The other piece to get this to work is to amend the hard-coded paths that you have. Again, eventually there are ways to abstract those paths, but for now we can leave them hard-coded. For example, you have template="config/default.plt" that would need to change to template="craterstats/config/default.plt". Also, sadly, all of the paths to the sample/ directory in config/demo_commands.txt are going to need to get prefixed with craterstats/. Again this is temporary, and it'll be switched up later.

So my example of all this can be found in this example branch, including a little cs script in the src/ directory. So to run the program you would:

> cd /path/to/craterstats/src/
> ./cs -h

And you can see the differences from your current set-up by looking at the commit diffs.

I then have one remaining question. In your get_parser() function you had this:

def get_parser():
    if "parser" in get_parser.__dict__:
        return get_parser.parser
    #
    # ... further down ...
    #
    get_parser.parser=parser
    return parser

And I'm not sure what the intent was here? Commenting it out didn't break anything, so maybe this was just leftover from some experiments?
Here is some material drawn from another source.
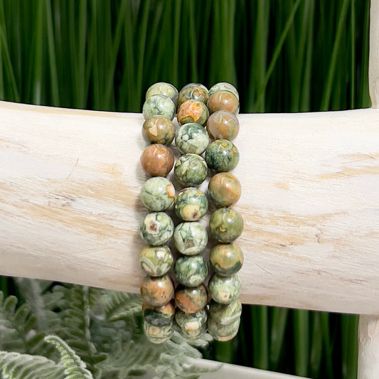 Rainforest Jasper Rhyolite Crystals Bracelets Gemstones Elastic 8mm Beads 16cm
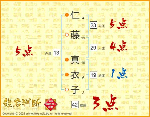 仁藤真衣子さんの天運は23画の5点!

Maybe you were trying to save the work of re-building the parser during your successive demo runs, but Python is pretty good about optimizing that under the hood, and I don't really think you'll see a performance hit.

ggmichael commented 3 years ago

Thanks, Ross. That looks good - I'll try it. Thanks for the github demonstrations, too - that's helpful to see. You're right - the parser code was to avoid rebuilding the parser. I have to work on some other stuff for the next few days... I'll come back to this end of next week.

ggmichael commented 3 years ago

Hi Ross, I included all the changes you suggested - that works.